[STUDY MATERIAL]
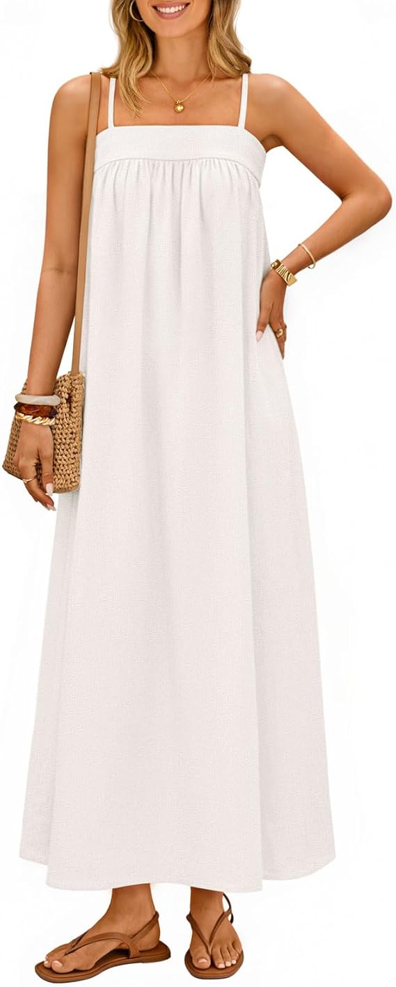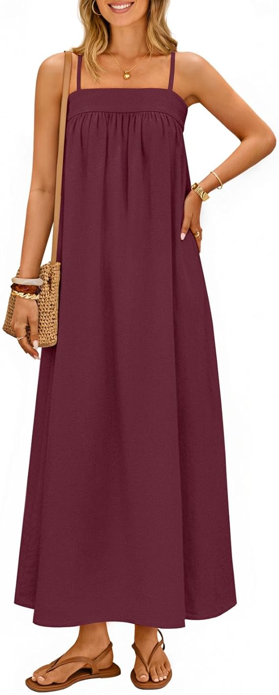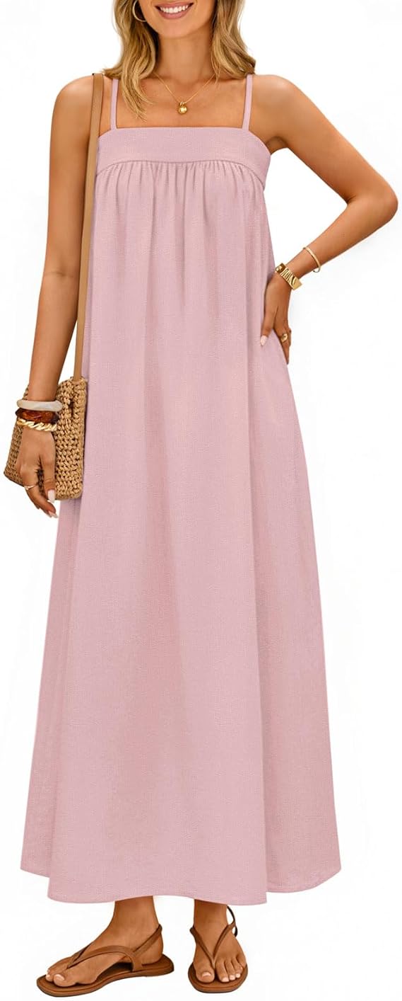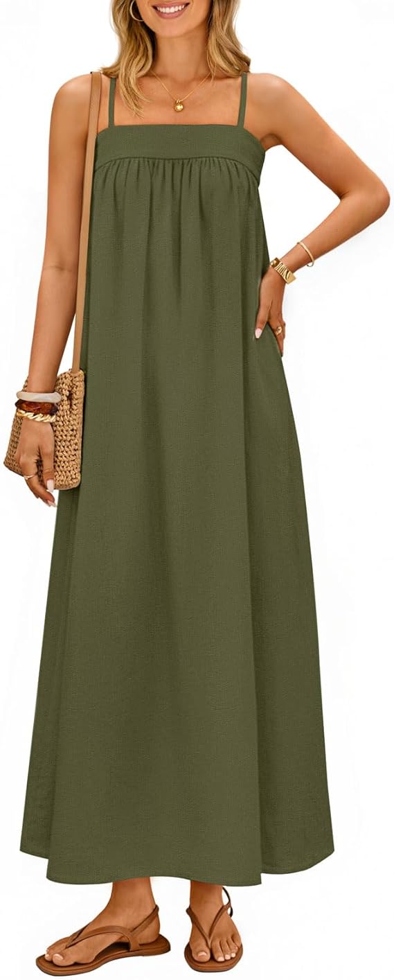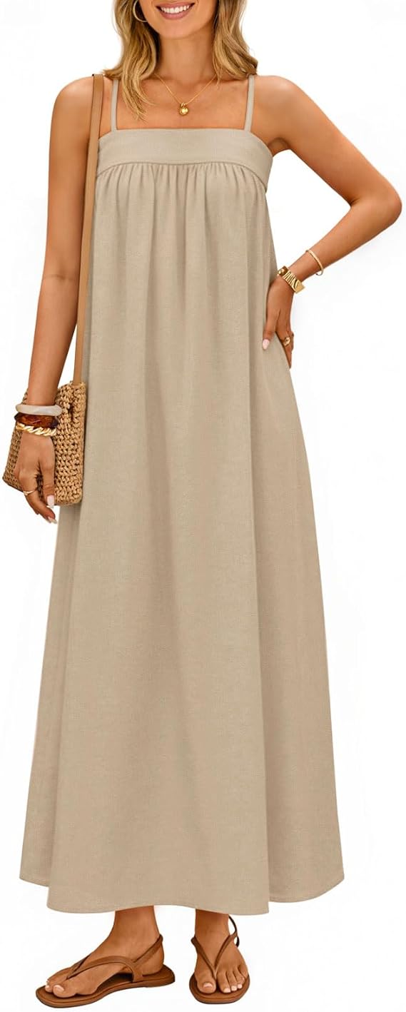 MEROKEETY Women's Summer Boho Maxi Dresses 2026 Spaghetti Straps Linen Sundress Casual Beach Vacation Long Dresses
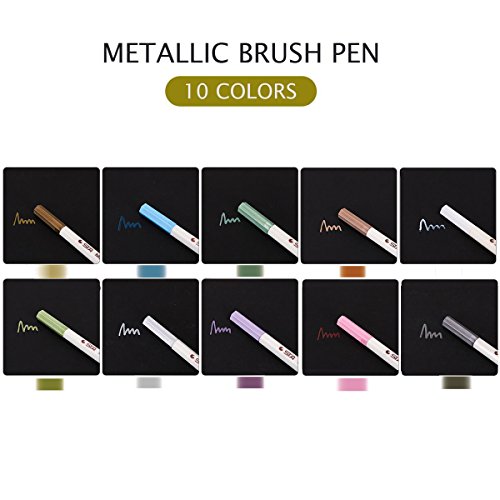 Premium Metallic Marker Pens,Set of 10 Colors,Permanent Metallic Color Painting Art Marker For Gift Card Making,DIY Photo Album,Scrapbooking Crafts(Brush Tip)
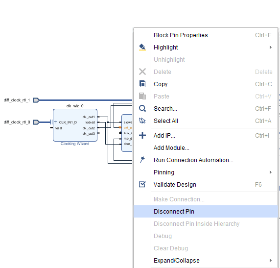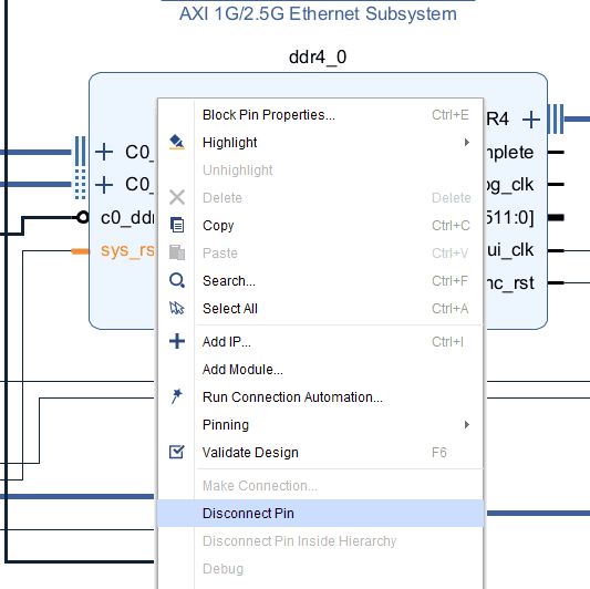 Right-click on the “ext_reset_in” of the Clocking wizard IP and click on disconnect pin. Do the same with the “sys_rst ” of the DDR4 IP.
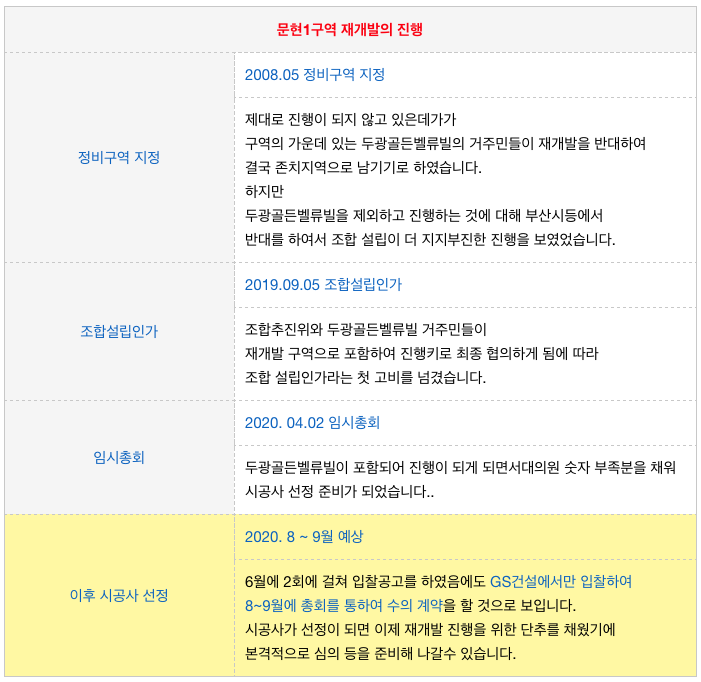 작년에 조합설립이 완료되었고 이제 시공사 선정을 앞두고 있으며 아마 8~9월 중에 총회를 하지 않을까 합니다.
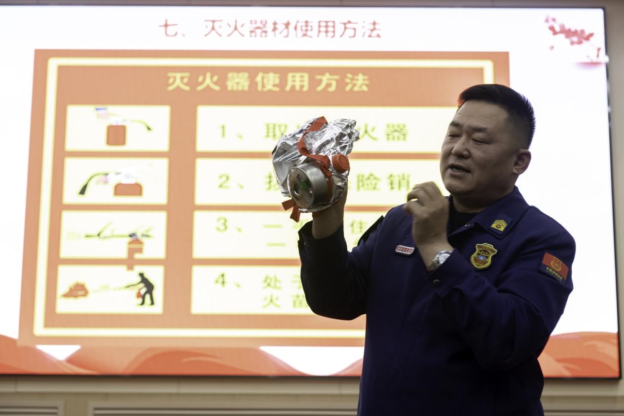 讲座结束后,全体参会人员在正新楼门前停车场进行了火灾应急疏散演练和消防器材灭火操作演练。首先,模拟正新楼突发火情产生大量浓烟,烟雾报警器响起,参加演练人员迅速、有序地撤离到安全地点。随后,所有参加演练人员分组进行各类消防器材灭火演练,指导师生在火灾初期正确运用灭火器、灭火毯进行扑救。
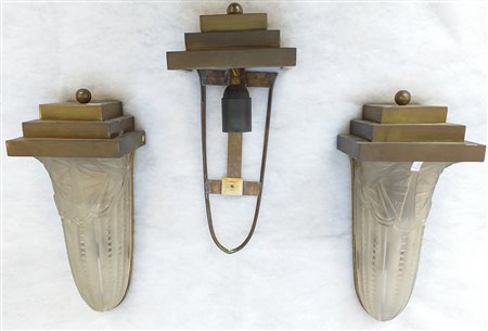 Manifattura franceseLotto di tre appliques déco con struttura in ottone e...
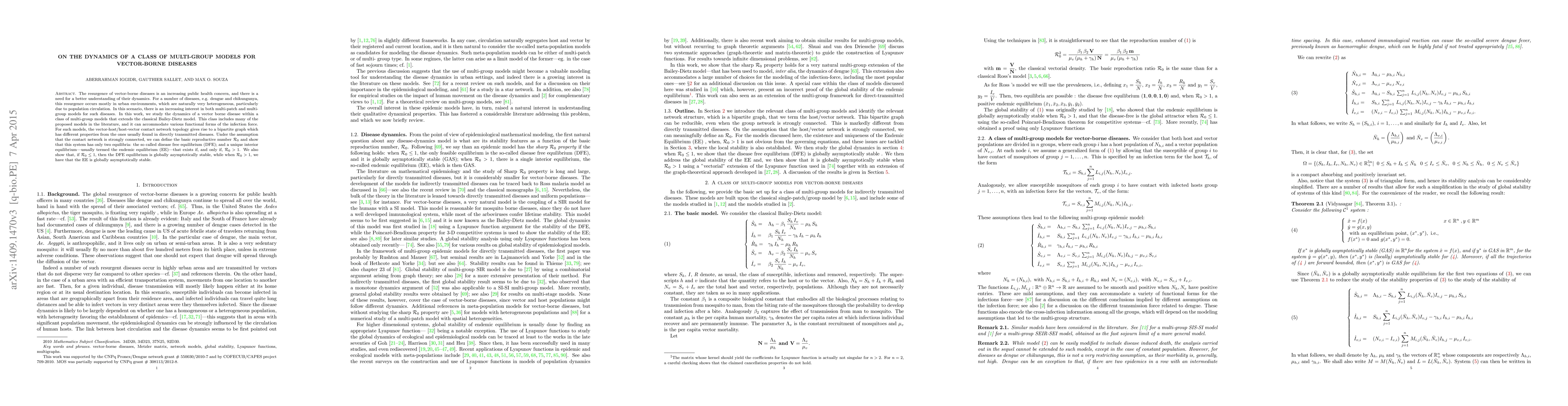 This paper explores the dynamics of vector-borne diseases using multi-group models that extend the Bailey-Dietz model, focusing on urban environments. It establishes the basic reproductive number $\mathcal{R}_0$ and proves the existence of two equilibria: a disease-free equilibrium and an endemic equilibrium, with stability conditions dependent on $\mathcal{R}_0$.

[INSTRUCTIONS TO FOLLOW] Reproduce, exactly and only, the lines of the records above starting at the line with "Right-click on the" and ending at the line with "작년에 조합설립이 완료되었고", both included. Leave every picture out.

[FINISHED EXERCISE]
 Right-click on the “ext_reset_in” of the Clocking wizard IP and click on disconnect pin. Do the same with the “sys_rst ” of the DDR4 IP.
 작년에 조합설립이 완료되었고 이제 시공사 선정을 앞두고 있으며 아마 8~9월 중에 총회를 하지 않을까 합니다.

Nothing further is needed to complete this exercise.